Обнаружив ВИОcpzу шимпанзе в неволе, Хан решила поискать вирус в дикой природе. Но она и ее команда молодых молекулярных биологов мало что знали о сборе образцов у шимпанзе в африканских лесах. Что надо делать — идти в лес и подстреливать обезьяну транквилизатором? Вырубить ее кетамином, взять кровь, потом разбудить и отправить восвояси? (Именно для такой работы с гориллами экипировался Билли Кареш во время наших восьмидневных посиделок в Моба-Баи в Республике Конго. Но протоколы для хорошо изученных и привычных к людям популяций шимпанзе несколько иные.) «Господи, нет!» — воскликнули полевые приматологи; их привела в ужас сама мысль о таком насилии в отношении их чувствительных, доверчивых питомцев. Для Хан это был совершенно новый мир, с новым набором предосторожностей и методов, и она быстро к нему адаптировалась. На научной конференции, где вместе собрались исследователи приматов и вирусологи, она познакомилась с Ричардом Рэнгемом из Гарварда, знаменитым своими работами по бихевиоральной экологии и эволюции человекообразных обезьян. Рэнгем много лет руководил исследованиями шимпанзе в национальном парке Кибале на западе Уганды; а до этого, четыре десятилетия тому назад он работал над собственной кандидатской диссертацией в Гомбе. Он с энтузиазмом отнесся к идее Хан взять анализы у диких шимпанзе, и именно Рэнгему, по ее воспоминаниям, «удалось убедить Джейн [Гудолл], что с нами можно работать». Но до того, как начать работу в Гомбе, они посетили Кибале, место работы самого Рэнгема. Важнейшую помощь оказал им один из аспирантов Рэнгема, Мартин Мюллер, который в 1998 г. собрал коллекцию образцов мочи для изучения тестостерона, агрессии и стресса. Марио Сантьяго из лаборатории Хан сделал инструменты, необходимые, чтобы найти антитела к ВИОcpz в нескольких миллилитрах мочи, а Мартин Мюллер выдал ему несколько замороженных образцов из своей коллекции в Кибале. Чтобы подробнее узнать об этой части истории, я поехал в Альбукерке и поговорил с самим Мюллером, в то время — доцентом антропологии в Университете Нью-Мексико.

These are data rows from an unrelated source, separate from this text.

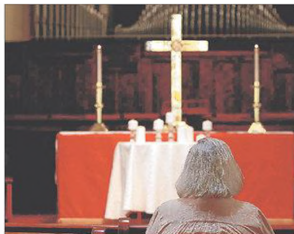
TOP: Religious leaders raise their hands in prayer Thursday inside Wesley UMC in Hartsville, surrounded by a crowd mourning the shooting at a Charleston church Wednesday that left nine people dead. BOTTOM: A person attending a prayer vigil at Hartsville's Wesley UMC on Thursday sits in silence before the church's altar.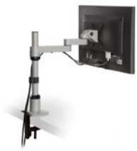
Integrated cable management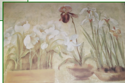
Iris painting - acrylic 36" w x 24" h (unframed) Value: $50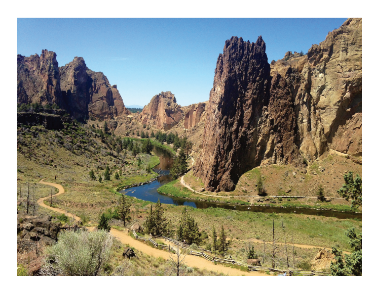
Smith Rock in the afternoon

Do you like rock climbing? Smith Rock is in the high desert of Central Oregon. It is a very popular park. People like to climb its rocky cliffs and towers. It has 623 acres, and there are many animals, such as eagles, mountain lions, and deer.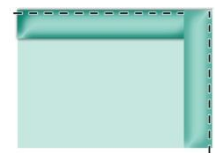
Figure 7 Fold the strip back on itself.

Continue sewing down the side of the quilt and repeat for each corner. Slot the end of the binding inside the folded end to neaten.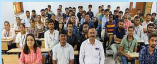
View of participants in Expert Talk

The IEI Students' Chapter, Department of Civil Engineering organized an expert talk on the topic "From Idea to Completion: A Step-By-Step Guide to Project Work" on 13 July 2024.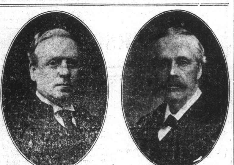
RT. HON. H. H. ASQUITH, Premier and Leader of the Government.

dum proposal of the latter. We cite the Resolutions moved last week in the House of Lords by Lord Lansdowne and passed without a division. It is desirable that provision be made for settling differences that may arise between the House of Commons and this House as reconstituted, reduced in number in accordance with the recent resolutions of this House. That as to bills, other than money bills, such provisions should be made on the following lines: If a difference arises between the houses in regard to any bill, other than a money bill, in two successive sessions and during an interval of less than one year, and such differences are unable to be adjusted by other means, it shall be settled at a joint sitting composed of the members of the two houses, provided that if the measure relates to a matter of great gravity, and has not been adequately submitted to the judgment of the people, it shall not be referred to a joint sitting, but submitted for decision to the electors by a referendum. That as to money bills, the provision should be on the following lines: The Lords are prepared to forego their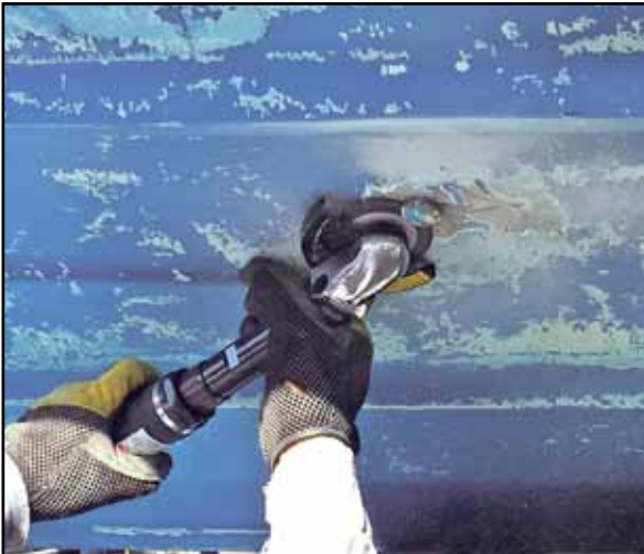
Pneumatic Extended Cut-Off Tool COTE-04 & ULTRACUT ABM SERIES

LEARN ABOUT NEW PRODUCTS AND FIND SOLUTIONS TO WORK EFFICIENTLY

Все образцы в Кибале дали отрицательный анализ на ВИО.
— Мы были немного разочарованы, — вспоминал Мюллер. — Все потому, что тогда считалось, что этот вирус не оказывает никакого отрицательного воздействия на обезьян.
Впрочем, в то время он как раз получил кое-какие интересные результаты в своем исследовании гормонов и хотел расширить набор данных. Они с Рэнгемом согласились, что будет интересно для сравнения взять образцы в нескольких других популяциях шимпанзе. В августе 2000 г. Мюллер поехал в Гомбе, нагруженный бутылочками для сбора мочи и громоздкими приспособлениями, необходимыми для их заморозки. Он пробыл там всего пару недель, обучая помощников-танзанийцев собирать образцы, чтобы они могли продолжить работу и без него, и забрал несколько образцов с собой. Вернувшись в США, он написал Беатрис Хан и спросил, не нужны ли ей шесть пробирок с замороженной мочой из Гомбе; она ответила: «ДА, ДА, ДА». Он отправил их с кодами на пробирках — стандартная процедура, — так что Хан не знала, какая моча кому принадлежит. Два образца из шести дали положительный анализ на антитела к ВИО. После этого Мюллер сообщил ей, что оба образца принадлежат шимпанзе по имени Гимбл, 23-летнему самцу.